Exercise description: Only the lines from the opening of the material through the line bearing "Yellow Gold Diamond" should be reproduced, exactly and without pictures.

Stored data:
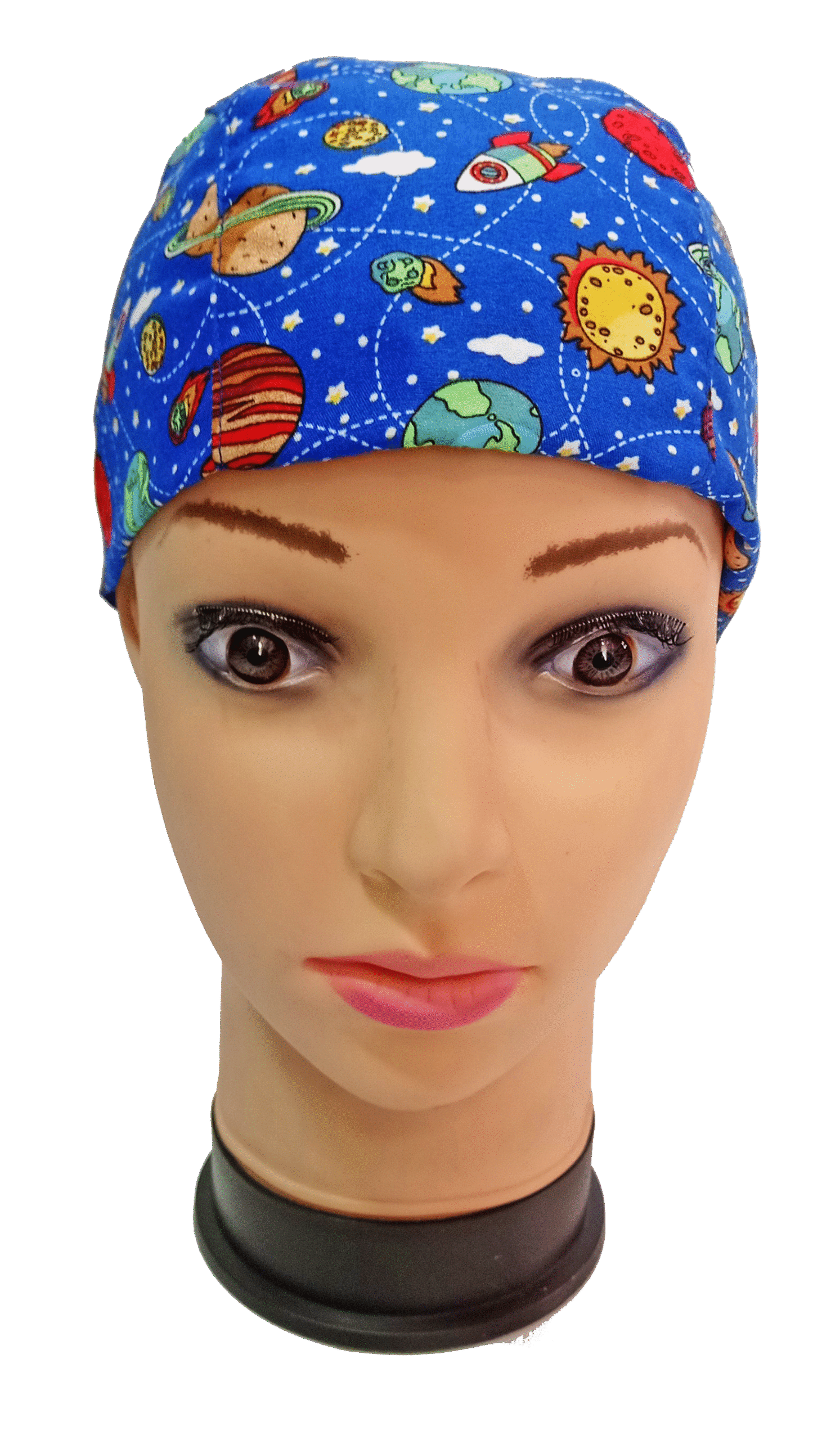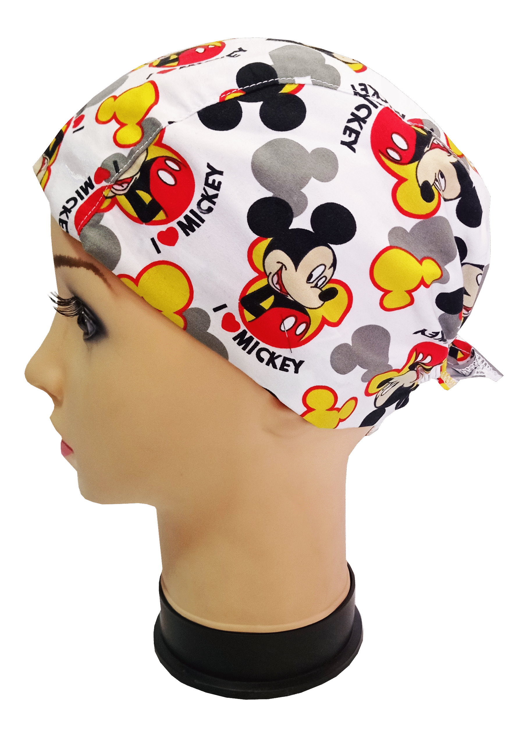 Gorro estampado tipo amarre, confeccionado en antifluido nacional, cómodo y resistente.
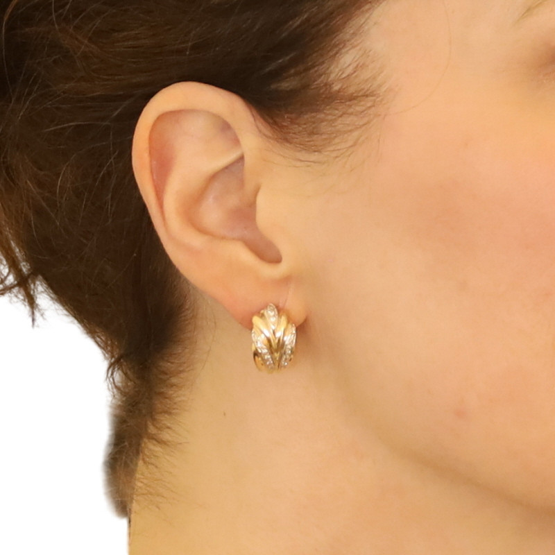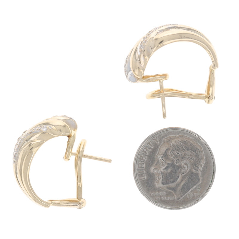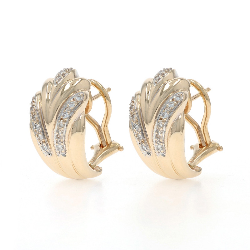 Yellow Gold Diamond Feather Fan J-Hoop Earrings 14k Round .15ctw Pierced
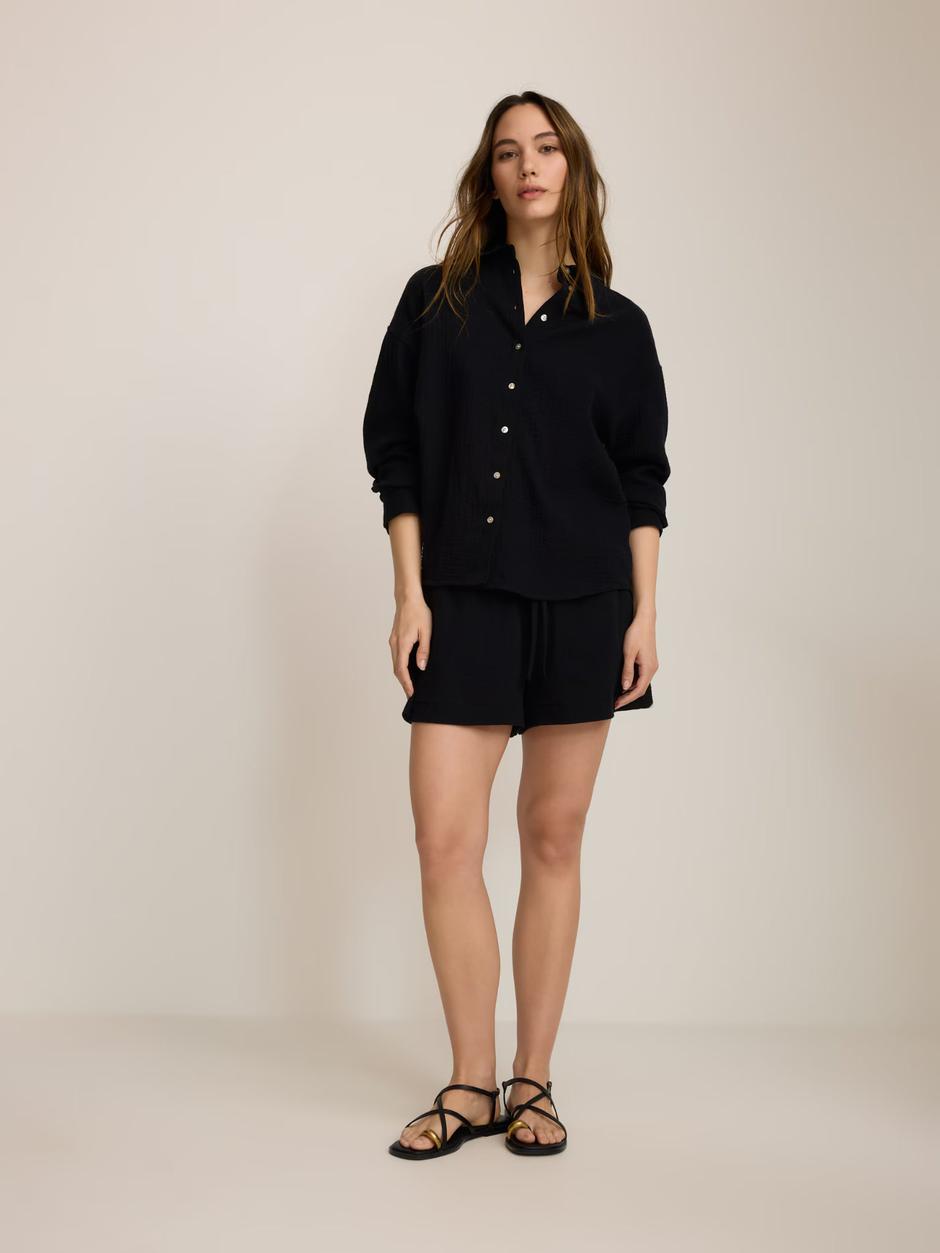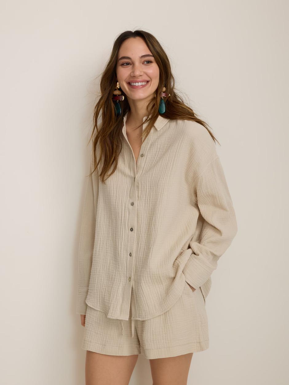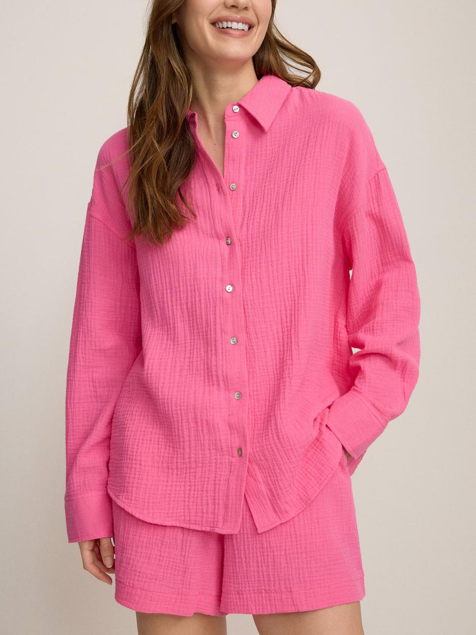 U pitanju je košulja dugih rukava koja je u potpunosti načinjena od prozračnog muslina te je ravnog, blago oversized kroja. Ipak želimo da nas ljeti što manje toga dodiruje... S obzirom na to da je muslin poznat po svojoj teksturi, volimo ga i zbog toga što se uopće ne gužva pa se samim time ne mora niti peglati. Ako se nas pita, bolje od ovoga ne može. No, ipak može - ova košulja dolazi u velikom rasponu boja - njih 11 i u dva super uzorka pa tako na izbor imamo tri nijanse plave, dvije nijanse ružičaste, bež, bijelu, bordo, crvenu, sivu, crnu, te uzorke školjkica i srca na bijelim košuljama.

Solution:
 Gorro estampado tipo amarre, confeccionado en antifluido nacional, cómodo y resistente.
 Yellow Gold Diamond Feather Fan J-Hoop Earrings 14k Round .15ctw Pierced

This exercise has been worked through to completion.